Ой, ну это было бы вранье, если бы я сказала, что да, если бы я сказала, что легко. Нет, ну тяжело, конечно. Ну то есть все равно, конечно, ну как, гордыня, она же там… У меня все в порядке с гордыней. (Смеется.) Она во мне очень крепко сидит. Поэтому каждый раз это так… даже если это маленькое какое-то, ну, казалось бы, маленькое «прости». Поэтому я говорю, что это тренируется на самом деле. И поэтому очень важно эти маленькие не пропускать. С близкими людьми. Потому что мы часто пропускаем именно с близкими, с детьми например. Мы считаем, что ну мы имеем право, например, ну в конце концов, я устала, я там то-то сё-то, ты меня… А сказать: «Прости» — оно хорошо тренирует, я хочу сказать. Но это сложно. То есть внутри- то себя я знаю, что я неправа, это я знаю всегда, и вот в этом мне несложно признаваться, как бы мне неприятно, это очень неприятно себе признаваться, конечно, и чувства неприятные. Но как-то я очень… стараюсь, я просто знаю, что потом ты себя чувствуешь значительно лучше. Поэтому вот это надо себя так, немножко… Ну, если это немножко выдавлено, значит, неважно как, главное — сказать. И дальше оно как-то так хорошо становится.

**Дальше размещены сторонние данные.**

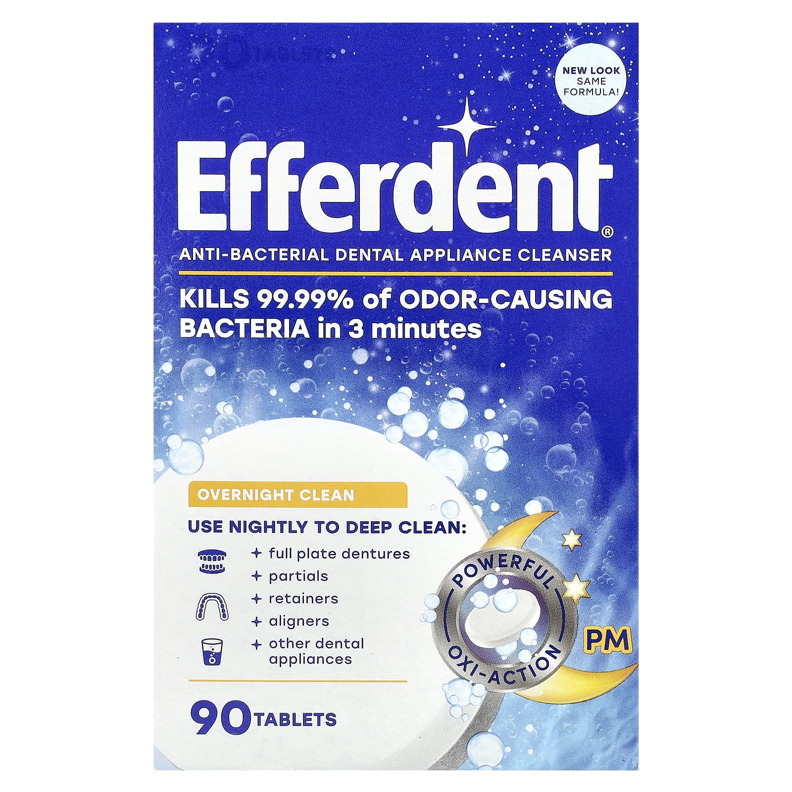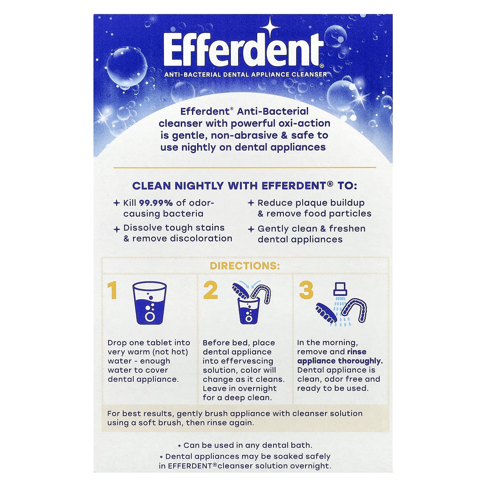 Антибактериальное очищающее средство Efferdent® с мощным окислительным действием, мягкое, неабразивное и безопасное средство для чистки зубов на ночь.

А прощать легче, чем просить прощения?

Нет.

Не легче?

Просить прощения проще.

Проще?

Да. Опять же, смотря что прощать. Предательство — очень сложно. Мне очень тяжело. То, с чем я, какие-то очень сложные, а они у меня были и не раз от близкого человека. Тогда это то, с чем ты… я уже расслабилась на свой счет, я понимаю, что я не могу это простить, вот так прямо взять и простить. Соответственно, я так — кусочками. То есть это некий путь. То есть я кусочками избавляюсь, по маленьким кусочкам от обиды, от обиды, от обиды… И вы знаете, я, например, сейчас вдруг вспомнила исповедь. Это отец Михаил мне сказал, когда я там в очередной раз пришла. Я говорю: «Слушайте, ну это уже невозможно, ну правда. Ну что вот, вот я прихожу и одно и тоже вам говорю. Ну это же какой-т ужас». Я не помню, что. Он говорит: «Ну да, — он говорит, — вы знаете, — он говорит, — вы не понимаете, что вы же не видите себя со стороны. Вы (не только я — все, кто приходят, вот кого он знает и может наблюдать), когда вы это произносите, то это не вы, а Господь, Он чуть-чуть, но начинает вас менять. И вы меняетесь. Это сразу не очень заметно, вам изнутри точно незаметно, но это происходит». И когда вдруг я увидела этот момент, который происходит действительности с тобой, и вот от обиды тоже, то есть когда ты ее даже произносишь иногда… ну как бы, как сказать… не так, что ли, искренне, как тебе бы… ну хотя бы просто произносишь, понимая головой, что это плохо, потому что… ты даешь Ему возможность ну чуть-чуть ее уменьшить, чуть-чуть, чуть-чуть, чуть-чуть. И дальше оно как-то действительно все меньше, меньше места занимает, как будто бы помимо тебя. На самом деле это происходит, если ты все время, хотя бы головой, не сердцем, сказала себе, что: ну не хотелось бы. Но это сложно.

ЛЮБОВЬ

Наша следующая тема — «Любовь».

Красивое слово.

Разное тоже. По крайней мере. в русском языке чего только мы не любим.

(Смеется.) Да, да, да.

Вы как-то использовали такое выражение «ресурс любви». И вы сказали, что вот у нас, обычных людей, он очень маленький, этот ресурс. А это что такое, вот ресурс любви? Это готовность жертвовать или что это?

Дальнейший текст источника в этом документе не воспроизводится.